- **RECORDED DATA**:
-- Opening Marker --

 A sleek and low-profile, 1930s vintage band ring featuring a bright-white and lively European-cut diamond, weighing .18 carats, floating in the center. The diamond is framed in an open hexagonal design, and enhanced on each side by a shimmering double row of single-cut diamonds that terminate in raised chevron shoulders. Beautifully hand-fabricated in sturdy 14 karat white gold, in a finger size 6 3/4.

-- Closing Marker --
-- Opening Marker --

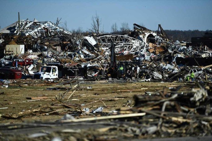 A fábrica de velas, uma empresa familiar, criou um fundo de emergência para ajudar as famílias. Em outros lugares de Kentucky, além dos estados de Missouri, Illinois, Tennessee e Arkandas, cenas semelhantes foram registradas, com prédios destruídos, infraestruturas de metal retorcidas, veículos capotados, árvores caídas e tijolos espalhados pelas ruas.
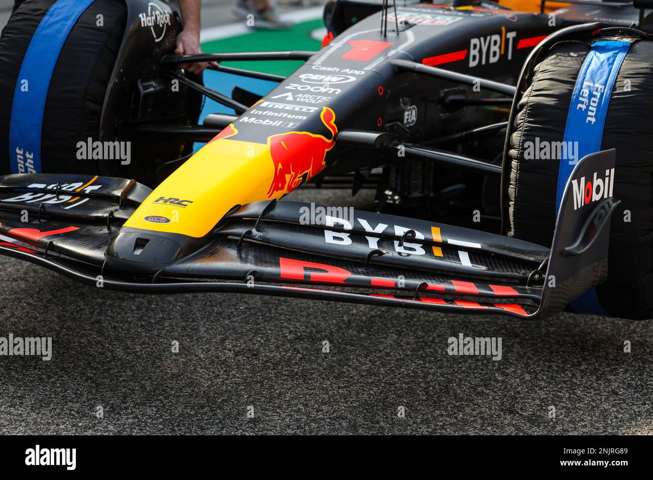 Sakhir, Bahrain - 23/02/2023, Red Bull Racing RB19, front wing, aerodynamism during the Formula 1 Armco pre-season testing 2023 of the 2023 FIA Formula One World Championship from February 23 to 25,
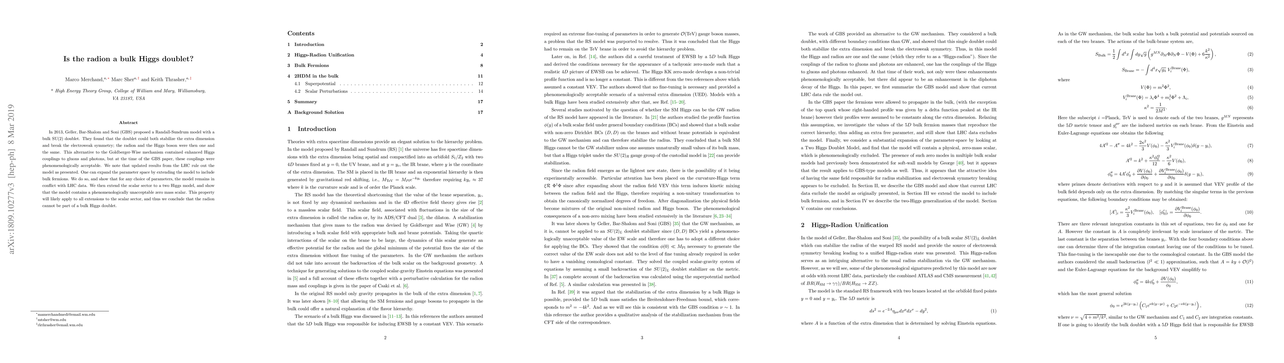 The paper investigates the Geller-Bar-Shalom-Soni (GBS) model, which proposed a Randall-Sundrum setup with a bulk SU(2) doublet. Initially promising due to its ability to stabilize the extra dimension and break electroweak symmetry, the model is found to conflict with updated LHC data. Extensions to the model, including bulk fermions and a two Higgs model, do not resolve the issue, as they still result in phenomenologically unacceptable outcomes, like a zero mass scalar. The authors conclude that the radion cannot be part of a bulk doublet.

-- Closing Marker --
-- Opening Marker --

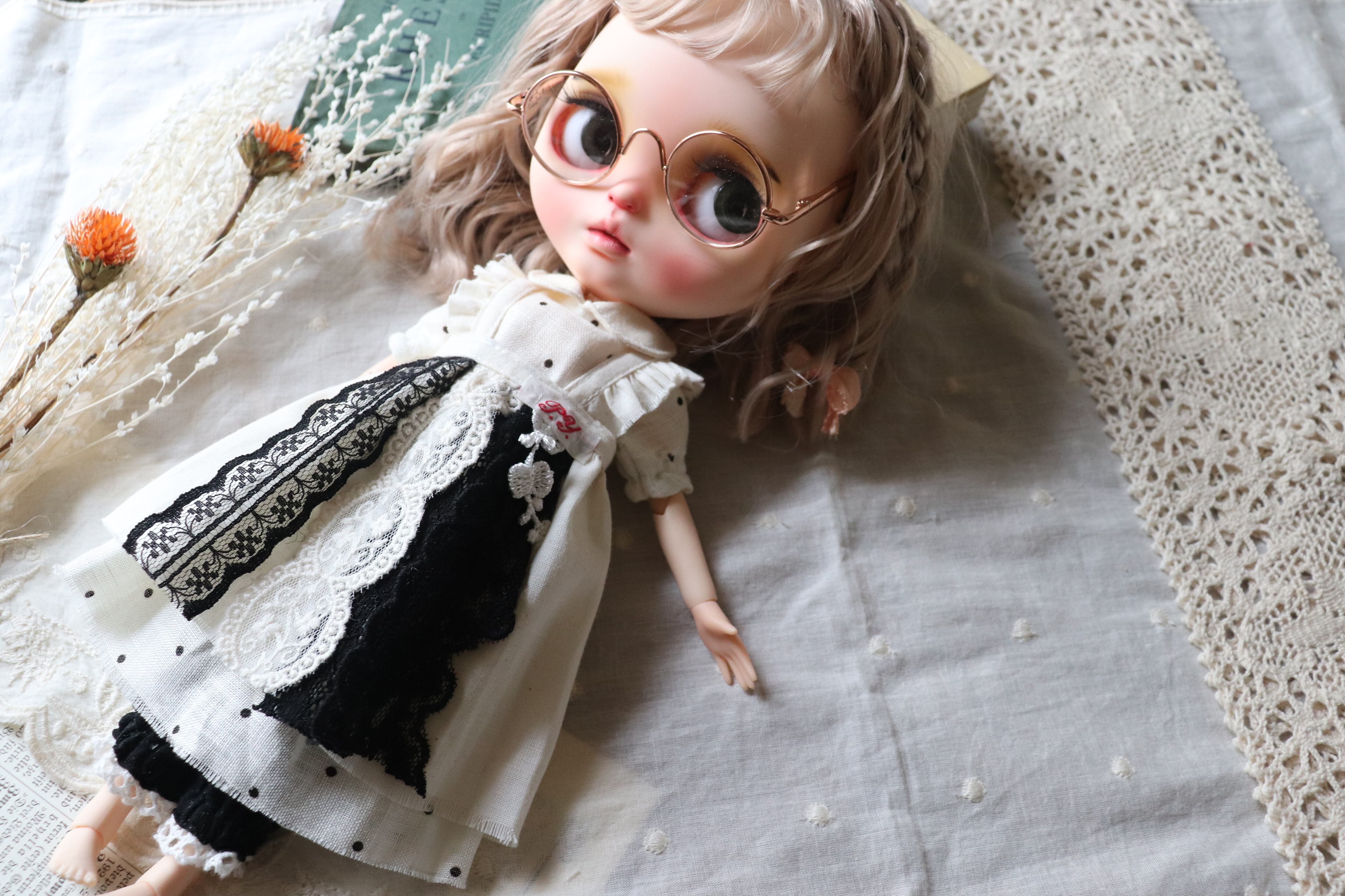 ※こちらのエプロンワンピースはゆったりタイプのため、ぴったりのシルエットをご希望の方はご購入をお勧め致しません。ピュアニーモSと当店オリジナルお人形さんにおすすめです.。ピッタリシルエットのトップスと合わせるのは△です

-- Closing Marker --

- **AIM OF THE TASK**:
Using the entries above, reproduce word for word only the lines from the one that contains "A fábrica de" to the one that contains "The paper investigates", both ends included, and drop every picture.

- **ANSWER SECTION**:
 A fábrica de velas, uma empresa familiar, criou um fundo de emergência para ajudar as famílias. Em outros lugares de Kentucky, além dos estados de Missouri, Illinois, Tennessee e Arkandas, cenas semelhantes foram registradas, com prédios destruídos, infraestruturas de metal retorcidas, veículos capotados, árvores caídas e tijolos espalhados pelas ruas.
 Sakhir, Bahrain - 23/02/2023, Red Bull Racing RB19, front wing, aerodynamism during the Formula 1 Armco pre-season testing 2023 of the 2023 FIA Formula One World Championship from February 23 to 25,
 The paper investigates the Geller-Bar-Shalom-Soni (GBS) model, which proposed a Randall-Sundrum setup with a bulk SU(2) doublet. Initially promising due to its ability to stabilize the extra dimension and break electroweak symmetry, the model is found to conflict with updated LHC data. Extensions to the model, including bulk fermions and a two Higgs model, do not resolve the issue, as they still result in phenomenologically unacceptable outcomes, like a zero mass scalar. The authors conclude that the radion cannot be part of a bulk doublet.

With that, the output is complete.